2007 haben Archäologen das Weinschiff mit den Augen am Bug und dem Drachenkopf originalgetreu nachbauen lassen. Seitdem gehen jedes Jahr zwischen 5.000 und 8.000 Passagiere an Bord der "Stella Noviomagi", was auf Deutsch "Der Stern Neumagens" heißt.
Bevor das Schiff im Mai aus dem Trockendock ausläuft, steht noch viel ehrenamtliche Arbeit an, sagt Jürgen Nilles vom Förderverein: "Wir müssen immer wieder das Holz abschleifen, kleine Risse und Lecks ausbessern und den Lack neu auftragen."

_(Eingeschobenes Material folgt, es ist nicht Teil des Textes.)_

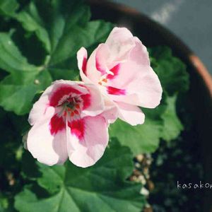 4月に明るい日陰に植えたゼラニウム キャロル ゾナール系 やっと花が咲きました🌸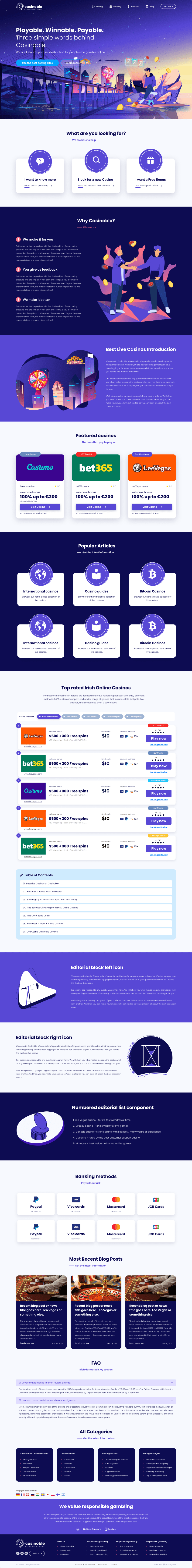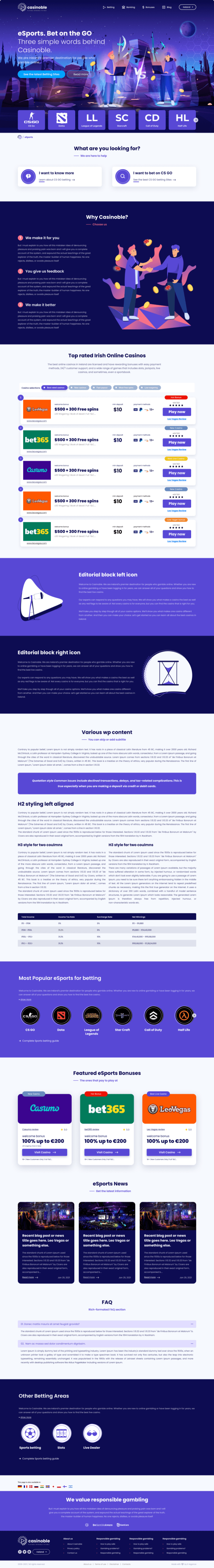 Our team was hired to redesign and bring Casinoble.ie to 2021 trends. Casinoble.ie is a casino review site that is aiming to give detailed and complete information about online casinos, betting sites, tips and tricks to the Irish players.

Gemeinde will Entdeckung der Funde feiern
Auch im Ortskern will die Gemeinde das römische Erbe sichtbarer machen. Der archäologische Rundweg sei in die Jahre gekommen, sagt Ortsbürgermeister Dieter Heintz: "Wir würden ihn gerne aufhübschen lassen". Eine andere Beleuchtung und neue Informationstafeln sind im Gespräch.
Spätestens 2027 soll alles fertig sein. Dann jährt sich die Entdeckung der römischen Funde zum 150. Mal. Die Gemeinde plant ein großes Jubiläum – ein Weinfest und kleine Veranstaltungen mit Winzern und Künstlern. Bis Anfang Januar soll das Konzept stehen.
Pia Theis hofft, dass die römische Geschichte dadurch stärker ins Bewusstsein rückt: "Das ist ein Teil unserer Kultur und unserer Vergangenheit. Und hier noch so greifbar wie an wenigen anderen Orten an der Mosel."